◆ WORK TO COMPLETE
A verbatim reproduction of the following listing is required; omit the pictures.

◆ DATA SHOWN

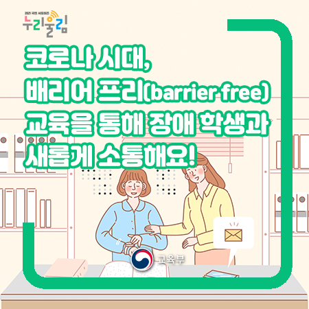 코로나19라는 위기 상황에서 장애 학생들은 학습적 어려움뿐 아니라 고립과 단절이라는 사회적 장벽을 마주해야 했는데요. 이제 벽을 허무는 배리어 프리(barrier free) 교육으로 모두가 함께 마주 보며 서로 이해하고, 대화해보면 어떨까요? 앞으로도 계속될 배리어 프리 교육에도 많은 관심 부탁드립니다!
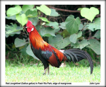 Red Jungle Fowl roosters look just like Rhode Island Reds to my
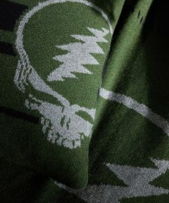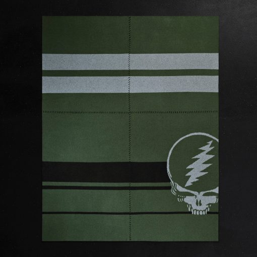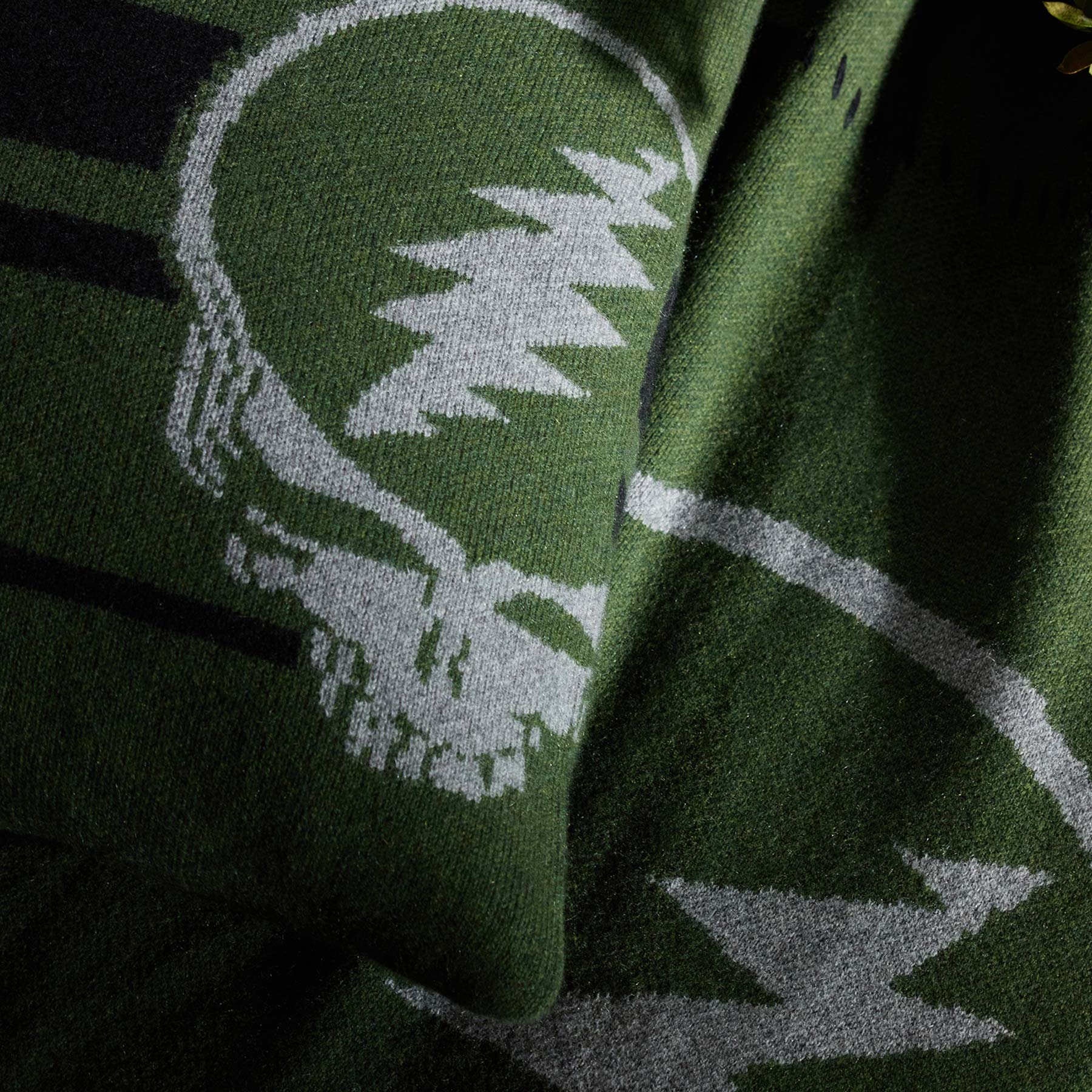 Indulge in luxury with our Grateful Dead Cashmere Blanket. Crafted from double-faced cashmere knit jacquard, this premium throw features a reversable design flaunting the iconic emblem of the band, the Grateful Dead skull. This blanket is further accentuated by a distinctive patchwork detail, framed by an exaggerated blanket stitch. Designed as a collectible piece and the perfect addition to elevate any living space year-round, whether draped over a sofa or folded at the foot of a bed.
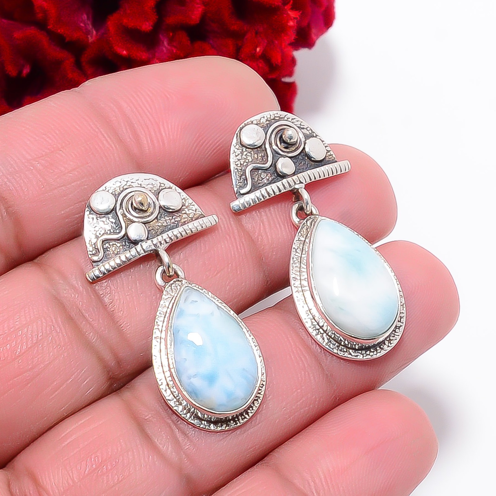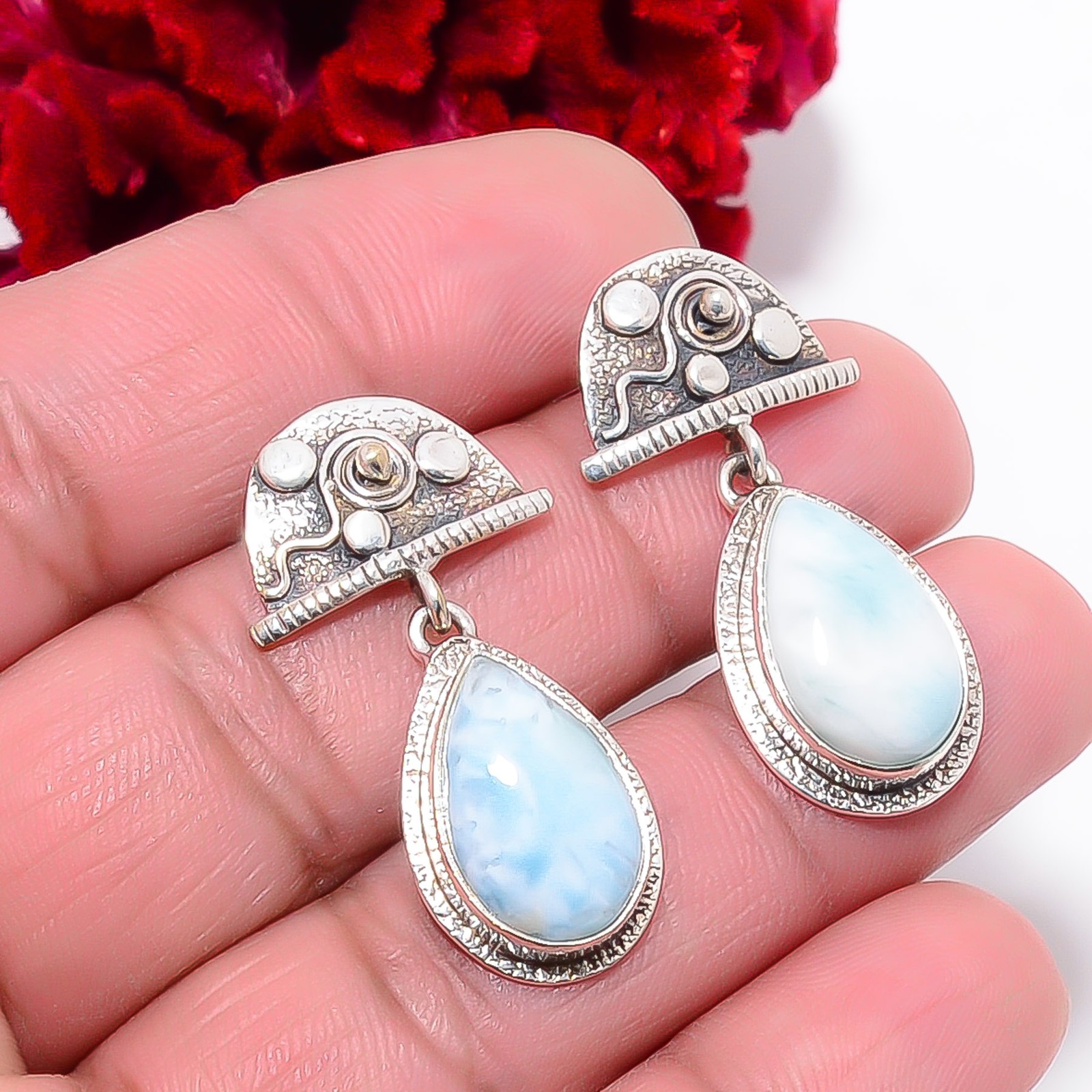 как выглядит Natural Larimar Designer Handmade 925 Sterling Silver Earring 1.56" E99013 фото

◆ ANSWER TO THE PROBLEM
 코로나19라는 위기 상황에서 장애 학생들은 학습적 어려움뿐 아니라 고립과 단절이라는 사회적 장벽을 마주해야 했는데요. 이제 벽을 허무는 배리어 프리(barrier free) 교육으로 모두가 함께 마주 보며 서로 이해하고, 대화해보면 어떨까요? 앞으로도 계속될 배리어 프리 교육에도 많은 관심 부탁드립니다!
 Red Jungle Fowl roosters look just like Rhode Island Reds to my
 Indulge in luxury with our Grateful Dead Cashmere Blanket. Crafted from double-faced cashmere knit jacquard, this premium throw features a reversable design flaunting the iconic emblem of the band, the Grateful Dead skull. This blanket is further accentuated by a distinctive patchwork detail, framed by an exaggerated blanket stitch. Designed as a collectible piece and the perfect addition to elevate any living space year-round, whether draped over a sofa or folded at the foot of a bed.
 как выглядит Natural Larimar Designer Handmade 925 Sterling Silver Earring 1.56" E99013 фото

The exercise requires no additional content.